■ **WORK TO COMPLETE**: Transcribe everything in the listing below exactly, except the pictures.

■ **DATASET CONTENT**:

★ ★ ★ ★

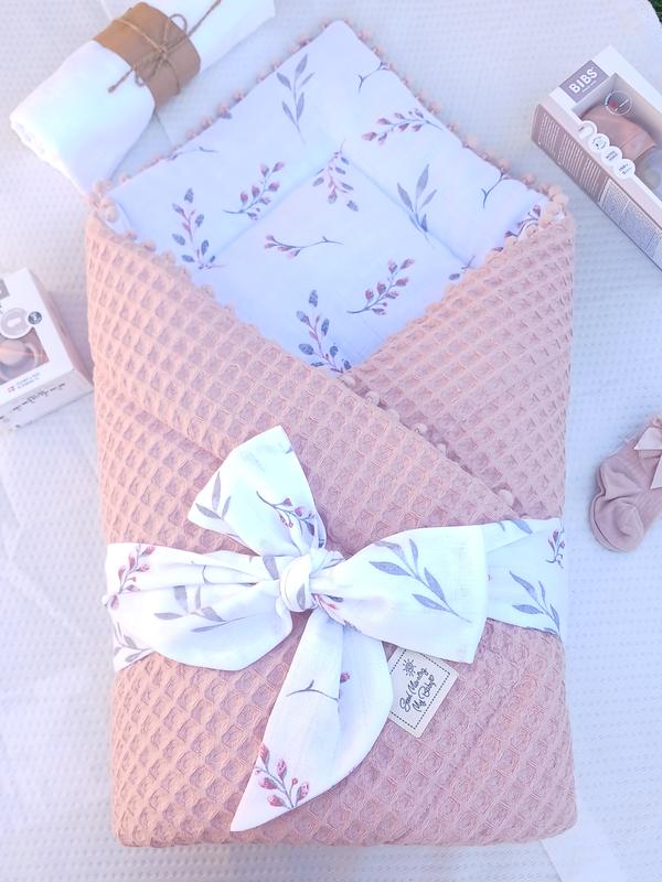 👶Конверт-пленка для девочек выполнен в нежном пудрово-розовом цвете из вафельной ткани, которая приятна на ощупь и хорошо пропускает воздух. Внутри – мягкая подкладка из белой муслиновой ткани с изящным цветочным принтом в нежно-розовых и серых оттенках. Конверт отделан аккуратными помпонами по краю и перевязан белой лентой с таким же цветочным рисунком, что придает ему изысканности и праздничного вида. Данный конверт станет идеальным выбором для выписки из роддома, фотосессий или ежедневных прогулок, обеспечивая малышу комфорт и тепло, а родителям – эстетическое удовольствие от стильного аксессуара. ⚜️Ткань Греческая вафля 100% cotton Производитель: Турция ⚜️Ткань Муслин 2-х слойный 100%cotton Производитель: Турция ⚜️Наполнение 200г гиппоаллергенный синтепон. ⚜️Отделка: помпоны, завязка-бант.
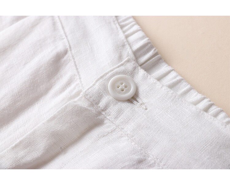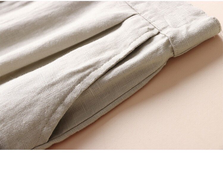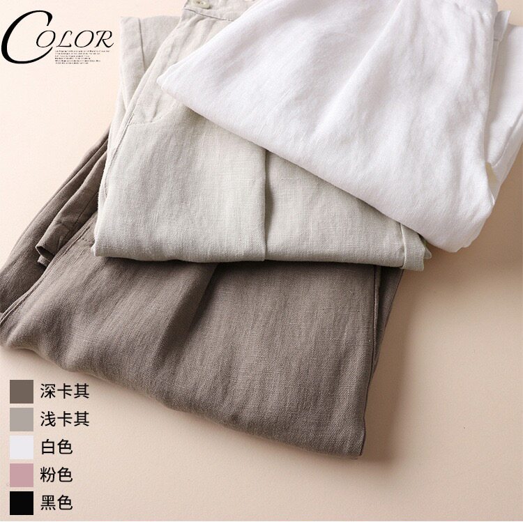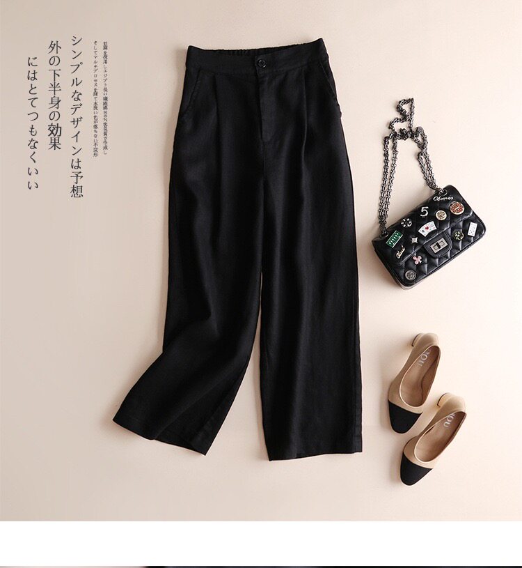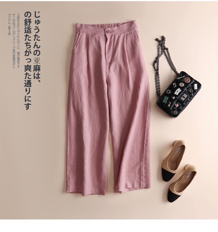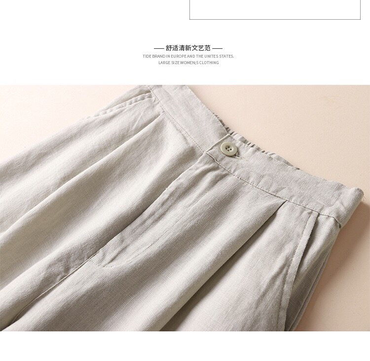 Spring and Summer Linen Casual Pants, Thin Cotton-Linen Wide-Leg Pants, Straight-Leg Pants, Drapey Loose Nine-Point Pants, Women's Pastoral Style
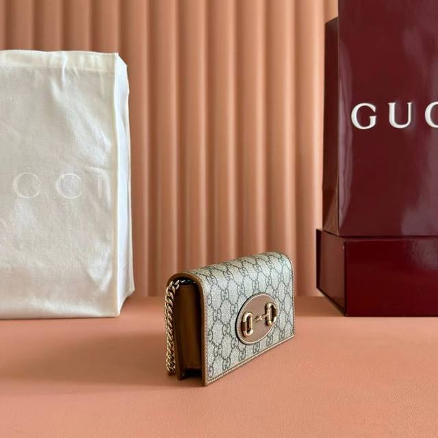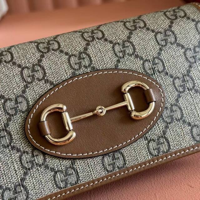 Top-of-the-line Gucci Horsebit 1955 series. This Gucci Horsebit 1955 series handbag is made of beige PVC fabric and paired with unique rice-rubber leather piping, giving the classic design a new charm. This handbag inherits the lines and shape of the single product from more than 60 years ago, cleverly combining classic details with a modern spirit, highlighting the charm of the brand's iconic element, the Horsebit. This small flap shoulder bag comes with an adjustable shoulder strap, which can be freely converted between shoulder and crossbody.

★ ★ ★ ★

■ **YOUR RESPONSE**:
 👶Конверт-пленка для девочек выполнен в нежном пудрово-розовом цвете из вафельной ткани, которая приятна на ощупь и хорошо пропускает воздух. Внутри – мягкая подкладка из белой муслиновой ткани с изящным цветочным принтом в нежно-розовых и серых оттенках. Конверт отделан аккуратными помпонами по краю и перевязан белой лентой с таким же цветочным рисунком, что придает ему изысканности и праздничного вида. Данный конверт станет идеальным выбором для выписки из роддома, фотосессий или ежедневных прогулок, обеспечивая малышу комфорт и тепло, а родителям – эстетическое удовольствие от стильного аксессуара. ⚜️Ткань Греческая вафля 100% cotton Производитель: Турция ⚜️Ткань Муслин 2-х слойный 100%cotton Производитель: Турция ⚜️Наполнение 200г гиппоаллергенный синтепон. ⚜️Отделка: помпоны, завязка-бант.
 Spring and Summer Linen Casual Pants, Thin Cotton-Linen Wide-Leg Pants, Straight-Leg Pants, Drapey Loose Nine-Point Pants, Women's Pastoral Style
 Top-of-the-line Gucci Horsebit 1955 series. This Gucci Horsebit 1955 series handbag is made of beige PVC fabric and paired with unique rice-rubber leather piping, giving the classic design a new charm. This handbag inherits the lines and shape of the single product from more than 60 years ago, cleverly combining classic details with a modern spirit, highlighting the charm of the brand's iconic element, the Horsebit. This small flap shoulder bag comes with an adjustable shoulder strap, which can be freely converted between shoulder and crossbody.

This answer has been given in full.